▸ **EXERCISE DETAILS**
These records contain pictures, which must be left out; copy exactly the lines from the one with "そんな中、「素人脚自慢vsす" up to and including the one with "オプションを追加することによ".

▸ **DATA EXTRACTS**
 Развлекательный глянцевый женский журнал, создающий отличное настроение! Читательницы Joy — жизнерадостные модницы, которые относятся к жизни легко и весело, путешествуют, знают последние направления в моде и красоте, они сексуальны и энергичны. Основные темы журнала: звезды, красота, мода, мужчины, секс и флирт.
* * *
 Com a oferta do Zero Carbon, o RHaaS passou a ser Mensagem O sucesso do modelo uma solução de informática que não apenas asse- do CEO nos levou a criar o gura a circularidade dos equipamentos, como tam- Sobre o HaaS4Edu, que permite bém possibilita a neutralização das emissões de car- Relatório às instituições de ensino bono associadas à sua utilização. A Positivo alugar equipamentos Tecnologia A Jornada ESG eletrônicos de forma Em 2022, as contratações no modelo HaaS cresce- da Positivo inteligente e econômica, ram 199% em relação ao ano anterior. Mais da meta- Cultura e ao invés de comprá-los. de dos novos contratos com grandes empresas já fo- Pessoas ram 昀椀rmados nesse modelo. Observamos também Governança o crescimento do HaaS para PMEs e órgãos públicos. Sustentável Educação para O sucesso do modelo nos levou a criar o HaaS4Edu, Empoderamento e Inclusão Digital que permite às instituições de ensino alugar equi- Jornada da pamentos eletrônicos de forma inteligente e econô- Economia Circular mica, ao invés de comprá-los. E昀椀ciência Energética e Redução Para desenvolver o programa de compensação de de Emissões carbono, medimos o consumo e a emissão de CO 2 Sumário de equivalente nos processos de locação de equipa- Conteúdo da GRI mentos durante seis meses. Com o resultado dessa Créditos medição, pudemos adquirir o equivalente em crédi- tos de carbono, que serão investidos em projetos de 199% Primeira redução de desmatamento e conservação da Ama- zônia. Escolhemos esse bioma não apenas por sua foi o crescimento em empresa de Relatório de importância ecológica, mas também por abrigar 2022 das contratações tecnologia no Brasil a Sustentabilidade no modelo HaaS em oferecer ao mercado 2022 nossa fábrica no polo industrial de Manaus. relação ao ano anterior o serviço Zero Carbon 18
==
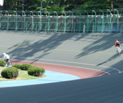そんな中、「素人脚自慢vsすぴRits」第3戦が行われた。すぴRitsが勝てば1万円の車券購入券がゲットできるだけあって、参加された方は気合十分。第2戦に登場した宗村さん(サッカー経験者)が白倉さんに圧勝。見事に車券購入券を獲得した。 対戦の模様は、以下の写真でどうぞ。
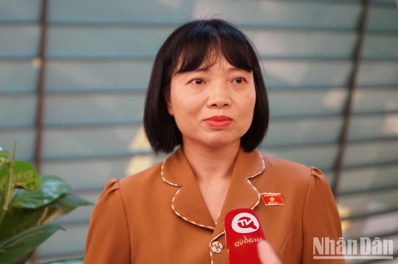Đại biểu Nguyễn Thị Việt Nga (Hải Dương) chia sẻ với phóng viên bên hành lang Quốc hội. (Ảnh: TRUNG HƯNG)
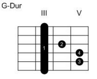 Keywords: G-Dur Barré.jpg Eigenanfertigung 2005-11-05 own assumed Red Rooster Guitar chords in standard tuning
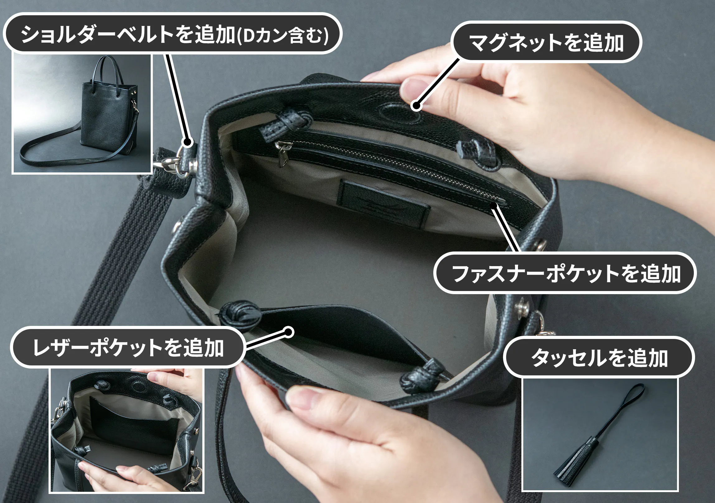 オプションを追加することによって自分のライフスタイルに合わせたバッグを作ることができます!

▸ **OUTPUT BELOW**
そんな中、「素人脚自慢vsすぴRits」第3戦が行われた。すぴRitsが勝てば1万円の車券購入券がゲットできるだけあって、参加された方は気合十分。第2戦に登場した宗村さん(サッカー経験者)が白倉さんに圧勝。見事に車券購入券を獲得した。 対戦の模様は、以下の写真でどうぞ。
Đại biểu Nguyễn Thị Việt Nga (Hải Dương) chia sẻ với phóng viên bên hành lang Quốc hội. (Ảnh: TRUNG HƯNG)
 Keywords: G-Dur Barré.jpg Eigenanfertigung 2005-11-05 own assumed Red Rooster Guitar chords in standard tuning
 オプションを追加することによって自分のライフスタイルに合わせたバッグを作ることができます!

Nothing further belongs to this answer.